** Opening MATERIAL PROVIDED block **

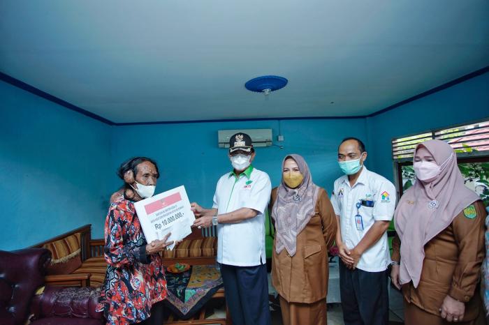 Pada kesempatan tersebut bupati Inhil memberi bantuan sebesar 12 juta rupiah untuk berobat dan rehap rumah ibu.
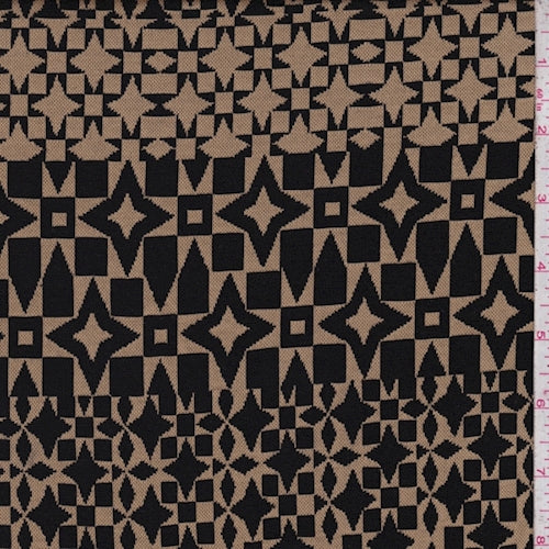 Sandy Tan/Black Geo Jacquard Double Knit Fabric
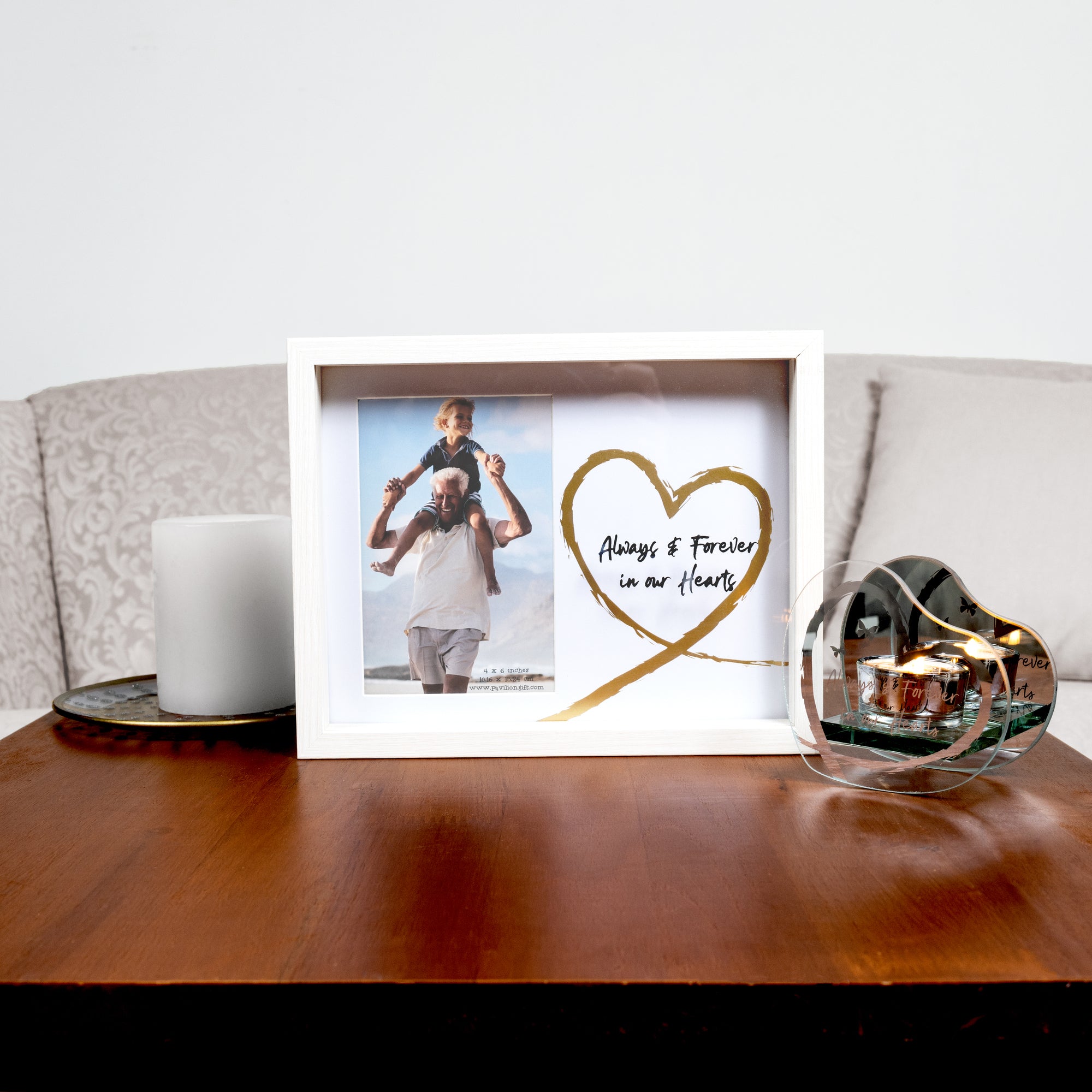 - IN-HOUSE DESIGN: "Always & Forever In Our Hearts" is electroplated among the silver butterfly and painterly heart design on the front glass piece.
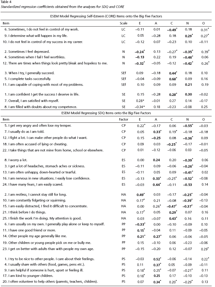 Results revealed a good approximate fit to the data for the model including items measuring self-efficacy, c2 (280) = 319.77, p = 0.051, RMSEA = 0.009, CFI = 0.994, TLI = .983, self-evaluation (CORE), c2 (160) = 263.27, p < 0.001, RMSEA = 0.023, CFI = 0.971, TLI = 0.937, and strengths and difficulties (SDQ), c2 (290) = 440.02, p < 0.001, RMSEA = 0.017, CFI = 0.974, TLI = 0.930. Table 4 shows detailed tables with standardized regression coefficients obtained from the analyses for SDQ and CORE tests that are the most factorially complex ones.
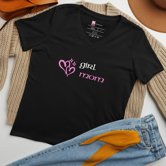 Girl Mom (Black) Women’s Relaxed V-neck T-shirt
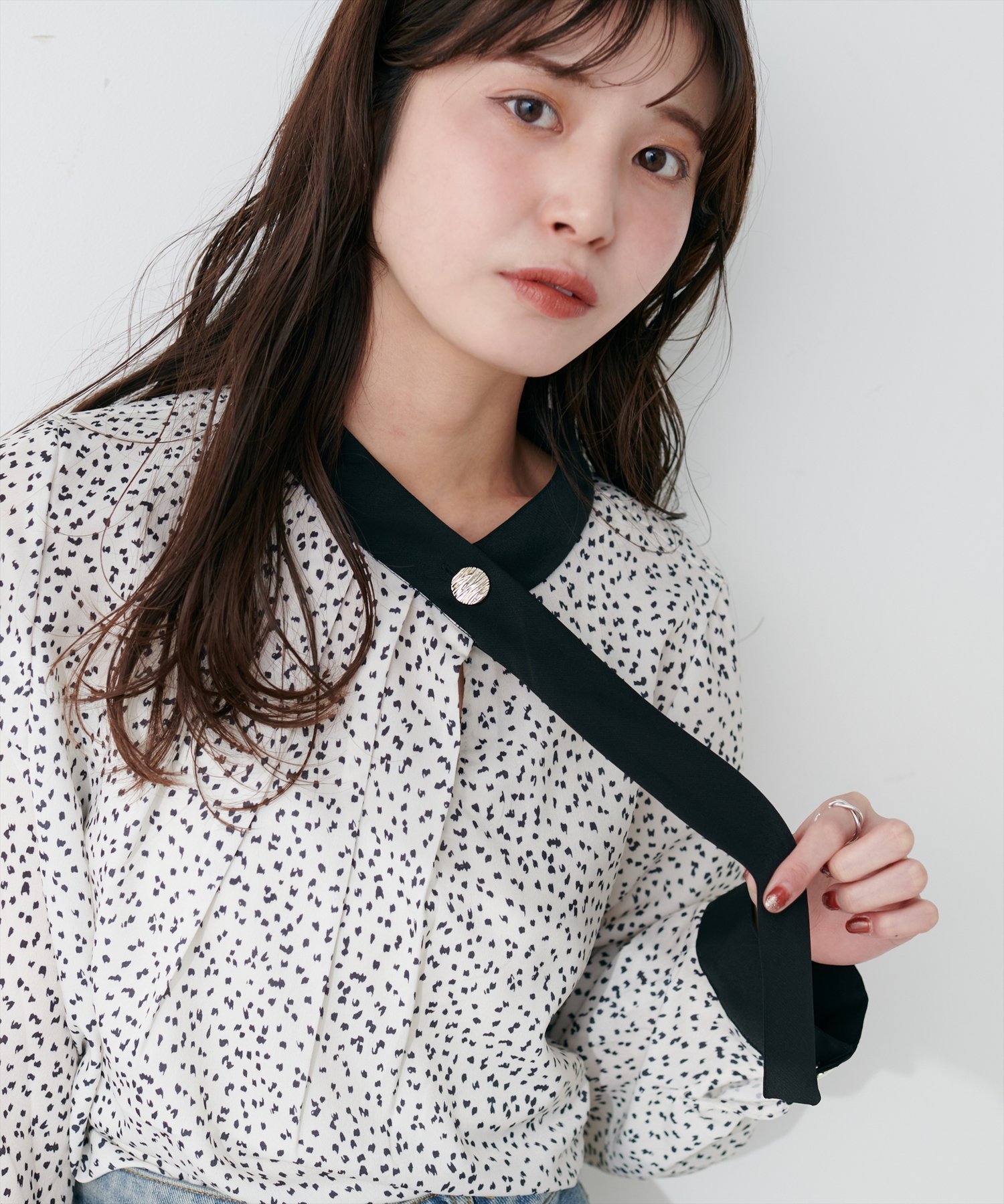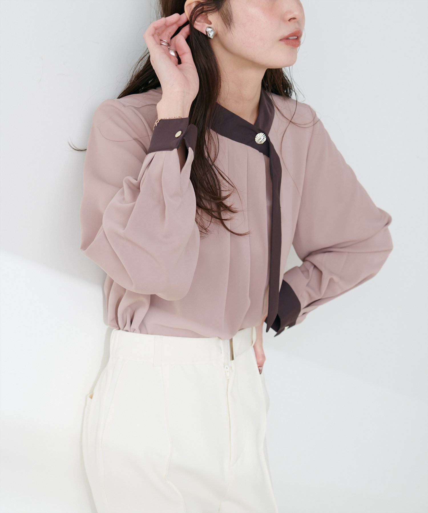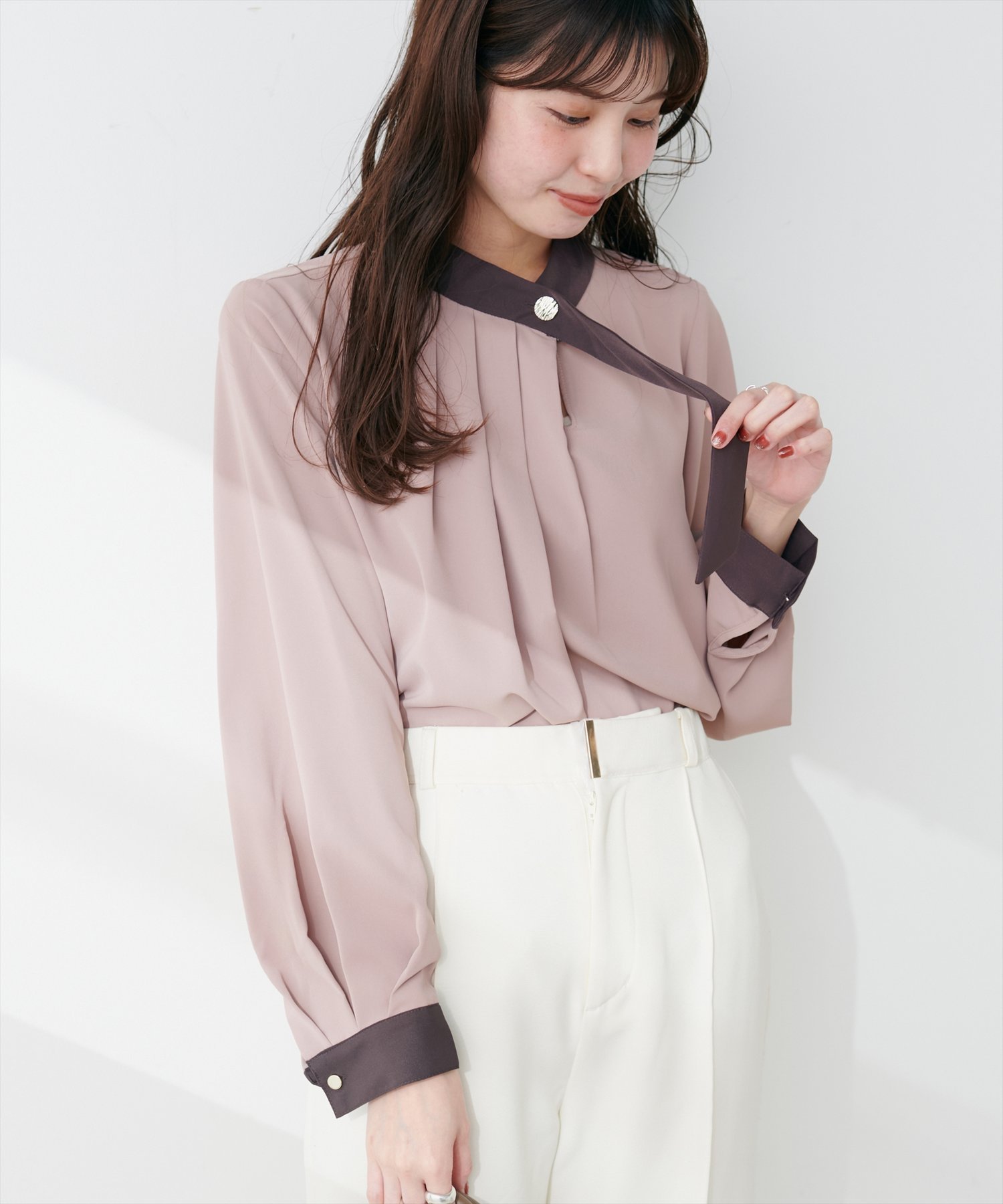 natural couture 金釦アシメネックボータイブラウス ナチュラルクチュール トップス シャツ・ブラウス ピンク ホワイト ネイビー【送料無料】
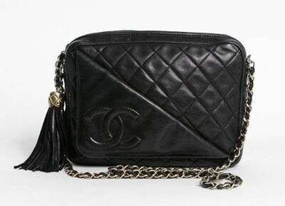 Rectangular top-zip design with signature diamond quilting and diagonal snap-down "CC" logo flap pocket on one side, long single chain shoulder strap and tassel zipper pull.
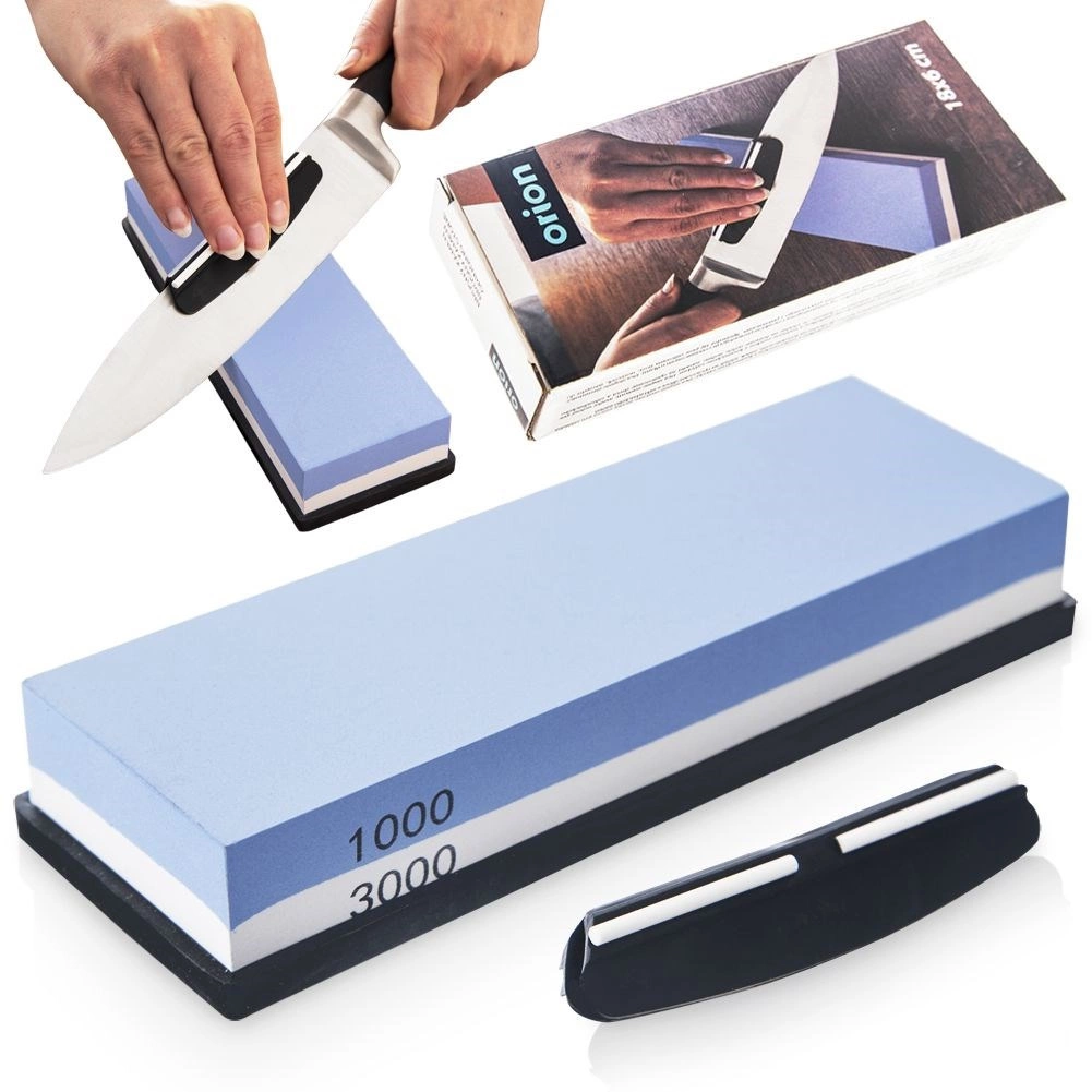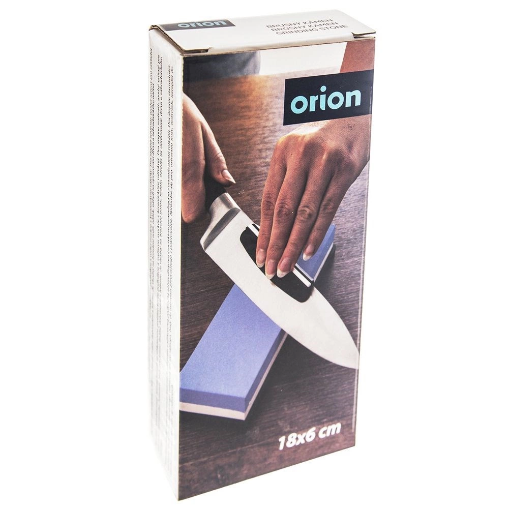 Brusni kamen ORION združuje kakovosten korund v dveh zrnatostih 1000/3000 in varno brušenje zahvaljujoč protizdrsnemu podstavku. Modra stran (1000) hitro obnovi ostrino, bela stran (3000) jo nežno spolira za popolnoma gladek rez. Kotno vodilo ohranja pravilen naklon rezila v razponu 15–20°, kar zagotavlja dosledne rezultate tudi za začetnike.
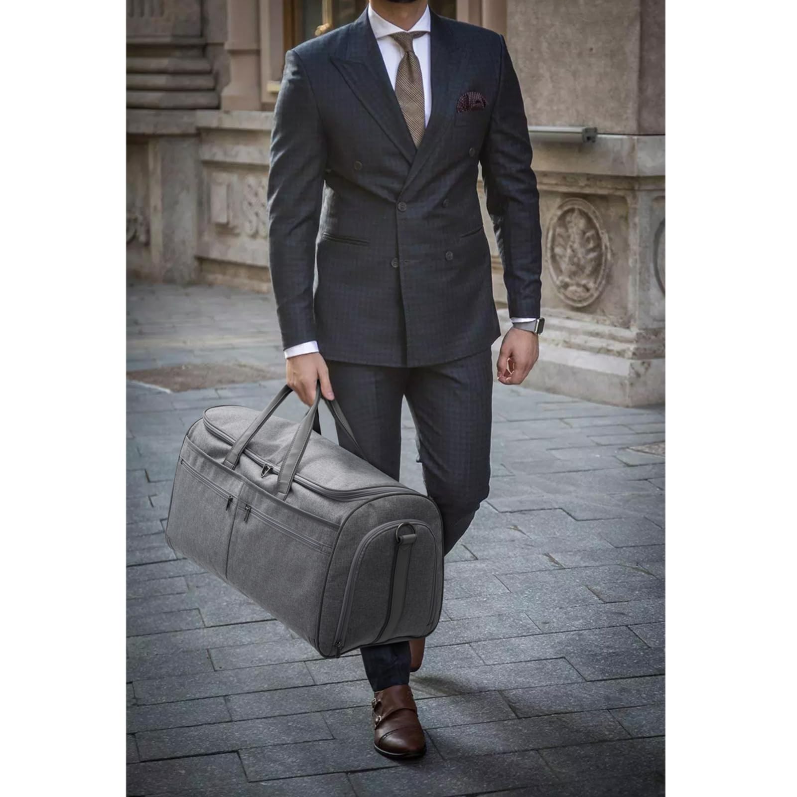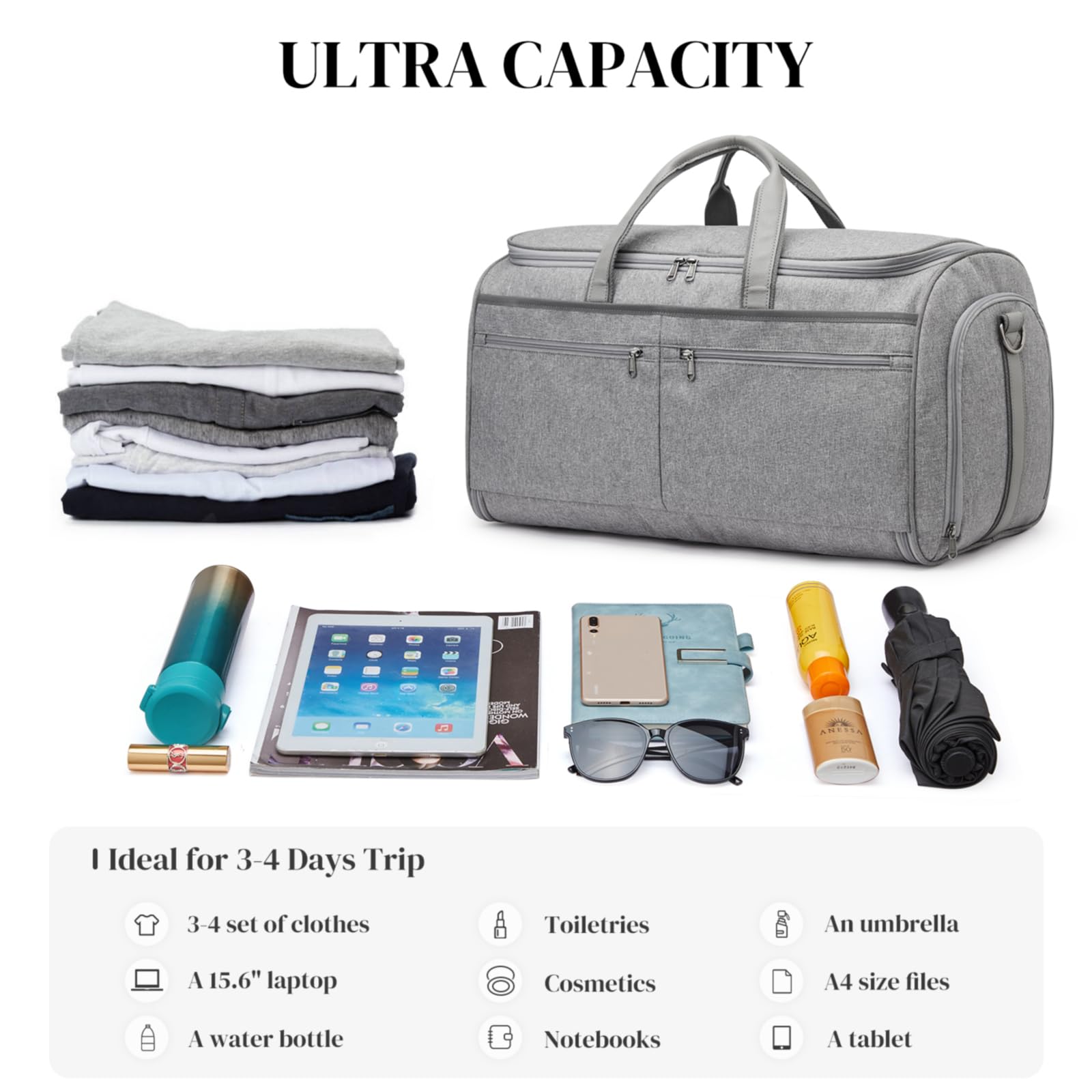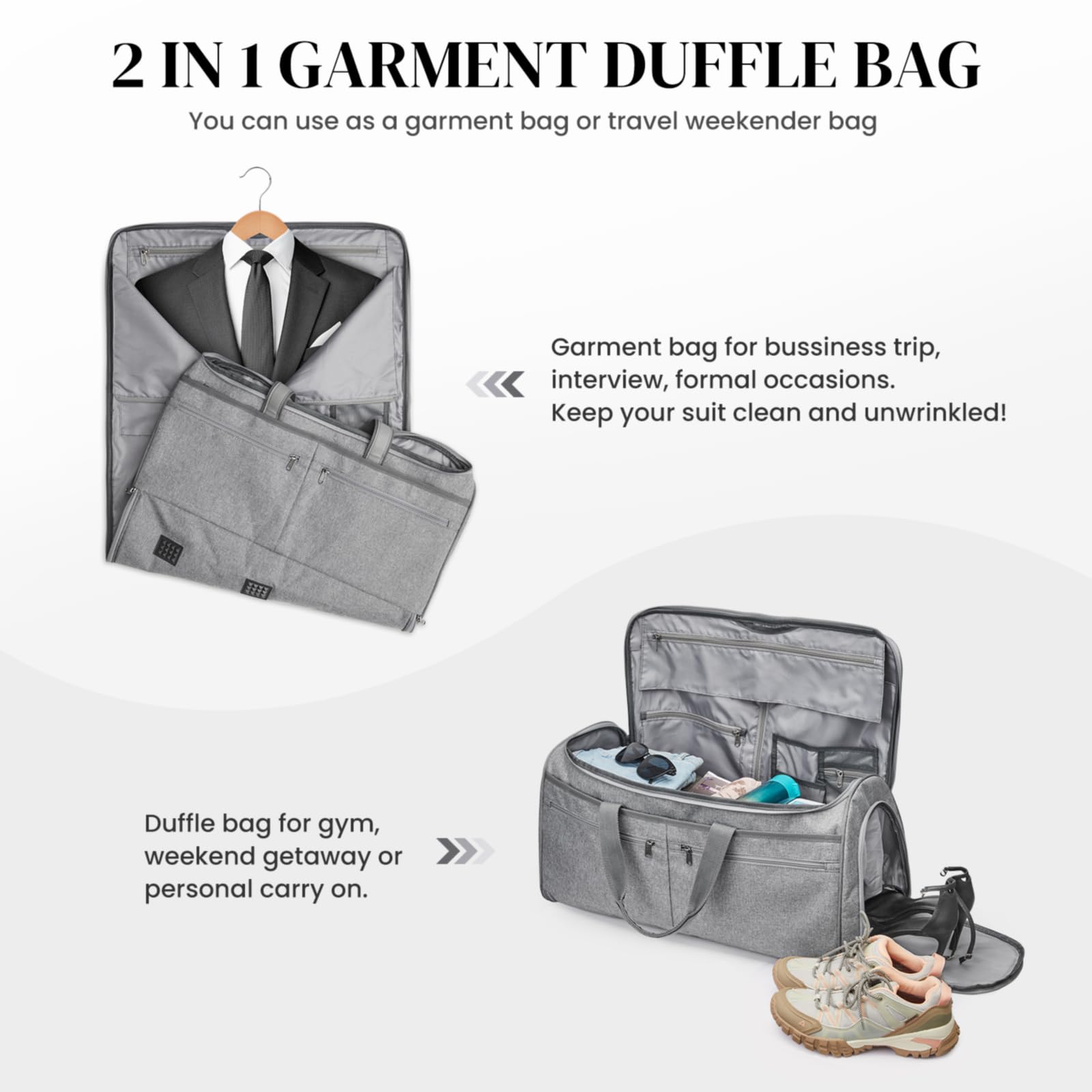 【2 in 1 ガーメントバッグ】:当社の旅行用ガーメントバッグは、ガーメントバッグと旅行用ダッフルバッグの機能を兼ね備えています。スーツやドレスを清潔できちんとした状態に保ち、しわにならないように特別に設計されています。内側のデュアルバックルが衣類を所定の位置に保持し、旅行中にしわやくしゃくしゃにならないようにします。フォーマルなパーティー、休暇、週末の旅行、またはツアーによく行く人に最適です。

** Closing MATERIAL PROVIDED block **

Restate each entry word for word, leaving out any pictures.

SOLUTION TO THE PROBLEM.
 Pada kesempatan tersebut bupati Inhil memberi bantuan sebesar 12 juta rupiah untuk berobat dan rehap rumah ibu.
 Sandy Tan/Black Geo Jacquard Double Knit Fabric
 - IN-HOUSE DESIGN: "Always & Forever In Our Hearts" is electroplated among the silver butterfly and painterly heart design on the front glass piece.
 Results revealed a good approximate fit to the data for the model including items measuring self-efficacy, c2 (280) = 319.77, p = 0.051, RMSEA = 0.009, CFI = 0.994, TLI = .983, self-evaluation (CORE), c2 (160) = 263.27, p < 0.001, RMSEA = 0.023, CFI = 0.971, TLI = 0.937, and strengths and difficulties (SDQ), c2 (290) = 440.02, p < 0.001, RMSEA = 0.017, CFI = 0.974, TLI = 0.930. Table 4 shows detailed tables with standardized regression coefficients obtained from the analyses for SDQ and CORE tests that are the most factorially complex ones.
 Girl Mom (Black) Women’s Relaxed V-neck T-shirt
 natural couture 金釦アシメネックボータイブラウス ナチュラルクチュール トップス シャツ・ブラウス ピンク ホワイト ネイビー【送料無料】
 Rectangular top-zip design with signature diamond quilting and diagonal snap-down "CC" logo flap pocket on one side, long single chain shoulder strap and tassel zipper pull.
 Brusni kamen ORION združuje kakovosten korund v dveh zrnatostih 1000/3000 in varno brušenje zahvaljujoč protizdrsnemu podstavku. Modra stran (1000) hitro obnovi ostrino, bela stran (3000) jo nežno spolira za popolnoma gladek rez. Kotno vodilo ohranja pravilen naklon rezila v razponu 15–20°, kar zagotavlja dosledne rezultate tudi za začetnike.
 【2 in 1 ガーメントバッグ】:当社の旅行用ガーメントバッグは、ガーメントバッグと旅行用ダッフルバッグの機能を兼ね備えています。スーツやドレスを清潔できちんとした状態に保ち、しわにならないように特別に設計されています。内側のデュアルバックルが衣類を所定の位置に保持し、旅行中にしわやくしゃくしゃにならないようにします。フォーマルなパーティー、休暇、週末の旅行、またはツアーによく行く人に最適です。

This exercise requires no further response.